Requirement:
Collect every line below that contains the word "China".

Given records:
......
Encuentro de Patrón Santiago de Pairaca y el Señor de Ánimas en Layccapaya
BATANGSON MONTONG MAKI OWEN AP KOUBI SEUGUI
......
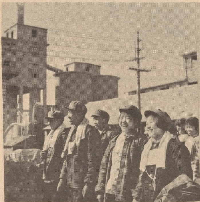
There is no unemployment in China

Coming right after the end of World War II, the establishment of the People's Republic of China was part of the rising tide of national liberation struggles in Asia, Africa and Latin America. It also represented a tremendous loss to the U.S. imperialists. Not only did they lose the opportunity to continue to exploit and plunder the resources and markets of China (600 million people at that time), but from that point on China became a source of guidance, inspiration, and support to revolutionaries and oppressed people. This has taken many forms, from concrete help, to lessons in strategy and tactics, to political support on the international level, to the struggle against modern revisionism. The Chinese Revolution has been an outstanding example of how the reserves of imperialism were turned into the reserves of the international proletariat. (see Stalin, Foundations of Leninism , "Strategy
......
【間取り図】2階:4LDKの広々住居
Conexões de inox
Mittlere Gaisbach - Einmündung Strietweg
......
Your response:
There is no unemployment in China
Coming right after the end of World War II, the establishment of the People's Republic of China was part of the rising tide of national liberation struggles in Asia, Africa and Latin America. It also represented a tremendous loss to the U.S. imperialists. Not only did they lose the opportunity to continue to exploit and plunder the resources and markets of China (600 million people at that time), but from that point on China became a source of guidance, inspiration, and support to revolutionaries and oppressed people. This has taken many forms, from concrete help, to lessons in strategy and tactics, to political support on the international level, to the struggle against modern revisionism. The Chinese Revolution has been an outstanding example of how the reserves of imperialism were turned into the reserves of the international proletariat. (see Stalin, Foundations of Leninism , "Strategy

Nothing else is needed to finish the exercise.